Marching Delta pilots at Detroit Metro Airport

Meanwhile, United Continental announced Friday it was close to a tentative agreement with 25,000 flight attendants over terms of a new contract after three years of negotiations. It would be the first joint contract agreement since United and Continental merged in 2010.

The vote by United Continental mechanics followed a contract rejection vote by Southwest Airline pilots last November. Southwest Airline flight attendants rejected a contract proposal last July that included a 3 percent pay increase along with significant concessions in work rules.

Over the past several decades there has been a continuing assault on airline workers, including massive wage cuts and the destruction of pensions and working conditions aided and abetted by the unions. This has continued even as airline profits rebounded, in part because of the plunging price of oil, from which jet fuel is extracted. The year 2015 was the most profitable for the airline industry since the start of deregulation in 1978.
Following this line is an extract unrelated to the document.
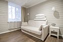 Вторая комната обустроена диваном-кроватью и прикроватной тумбочкой. Для вашего комфортного пребывания в номере предусмотрены все необходимые удобства: спутниковое телевидение, бесплатный Wi-Fi, чайник, банные полотенца, набор косметических средств, фен и тапочки.

Pilots internationally continue to resist the relentless pressure by the airlines for further cost cutting. Air France workers threatened a four-day strike this week over changes to work rules, before management suspended its cost cutting plan.

EasyJet pilots based in Amsterdam struck Friday over sick pay, rest time and pensions. They are currently working under personal contracts, but demand a collective bargaining agreement. And earlier this month Scandinavian Airlines pilots struck over a wage increase.

The United States appears to be at the beginning of an airline pilot shortage, as airlines expand operations and a wave of retirements is expected as pilots reach the mandatory retirement age of 65. Entry to the profession is difficult. It requires rigorous training and numerous certifications. Meeting the 250-hour minimum flight time requirement can take at least six months and cost up to $100,000, which most pilots are forced to pay out of pocket. New federal regulations impose even more stringent requirements.

The military, which previously provided a large portion of airline pilots, now accounts for only about 30 percent of new airline pilots. This pool is likely to shrink as the military offers incentives for pilots to stay in the service longer.